[Opening Stored data section]

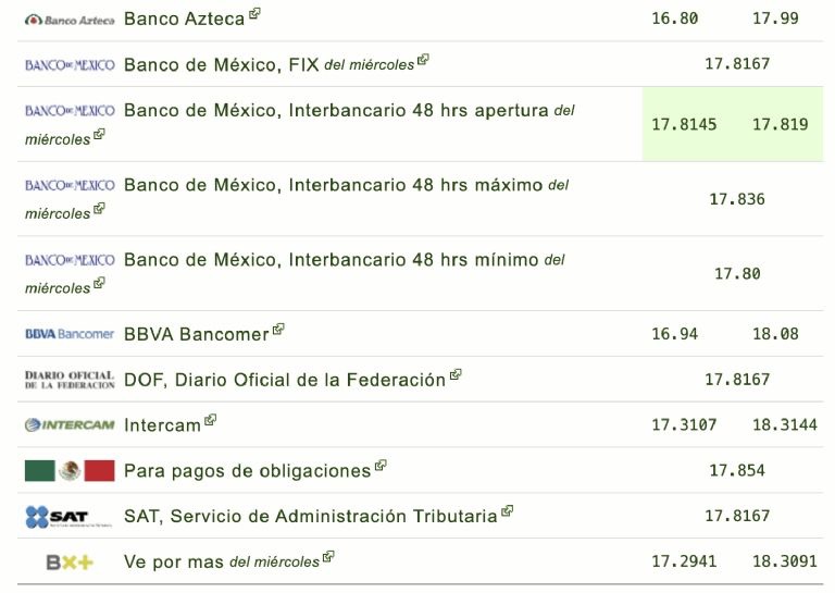 Banco Azteca: 16.80 a la compra / 17.99 a la venta
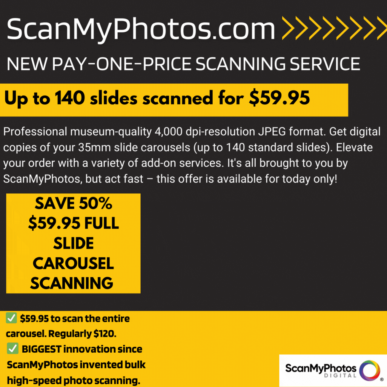 | | Discounted 50% On New Orders! ScanMyPhotos now offers a groundbreaking service to digitize entire 35mm slide carousels, unlocking forgotten family adventures and cherished memories. Today, full carousel scanning is available for just $59.95, digitizing up to 140 slides for a flat fee—your cost-effective solution for preserving the past. Updated advanced scanning technology and 4,000 dpi high-scanning to ensure museum-quality optimal results. Next, enhance your order with more add-on services, including ScanFast same-day service + instant uploading of your files to your inbox. Afterward, share your digitized slide transparencies on popular photo-sharing apps like Facebook, Instagram, Snap, TikTok, and Twitter (X)--bridging the gap between nostalgia and the digital era.
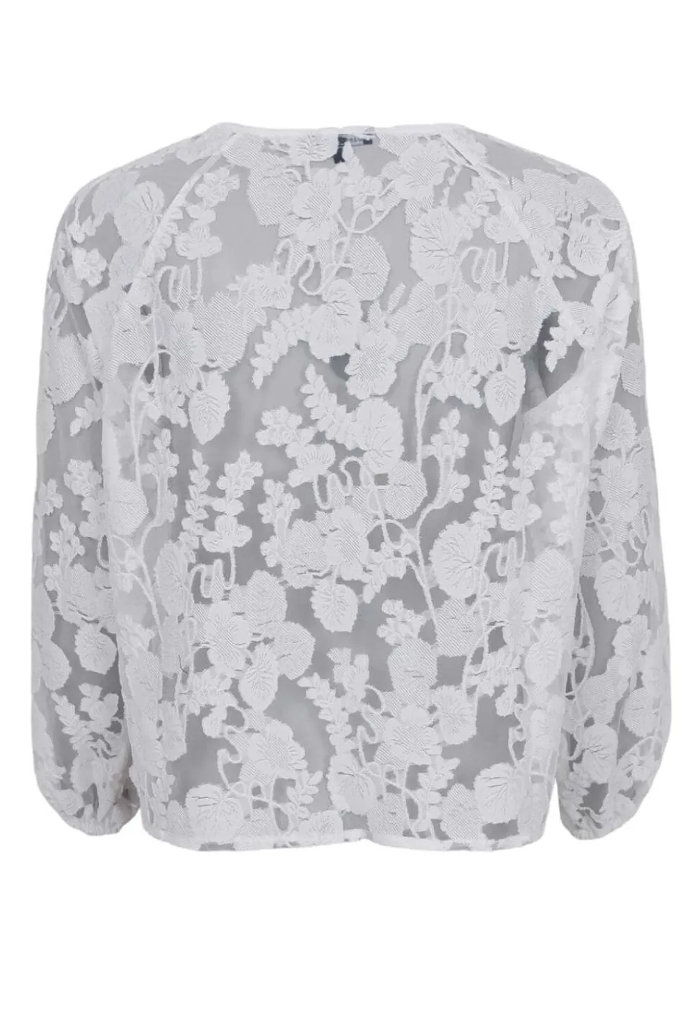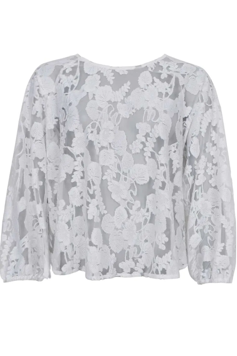 Hvid blondebluse fra Black Colour med blomstermønster. Blusen har en rund halsudskæring og lange ærmer med let puf ved håndleddene.

[Closing Stored data section]

*Problem to solve*. An exact copy of all the data above is required; omit any pictures.

*Response*.
 Banco Azteca: 16.80 a la compra / 17.99 a la venta
 | | Discounted 50% On New Orders! ScanMyPhotos now offers a groundbreaking service to digitize entire 35mm slide carousels, unlocking forgotten family adventures and cherished memories. Today, full carousel scanning is available for just $59.95, digitizing up to 140 slides for a flat fee—your cost-effective solution for preserving the past. Updated advanced scanning technology and 4,000 dpi high-scanning to ensure museum-quality optimal results. Next, enhance your order with more add-on services, including ScanFast same-day service + instant uploading of your files to your inbox. Afterward, share your digitized slide transparencies on popular photo-sharing apps like Facebook, Instagram, Snap, TikTok, and Twitter (X)--bridging the gap between nostalgia and the digital era.
 Hvid blondebluse fra Black Colour med blomstermønster. Blusen har en rund halsudskæring og lange ærmer med let puf ved håndleddene.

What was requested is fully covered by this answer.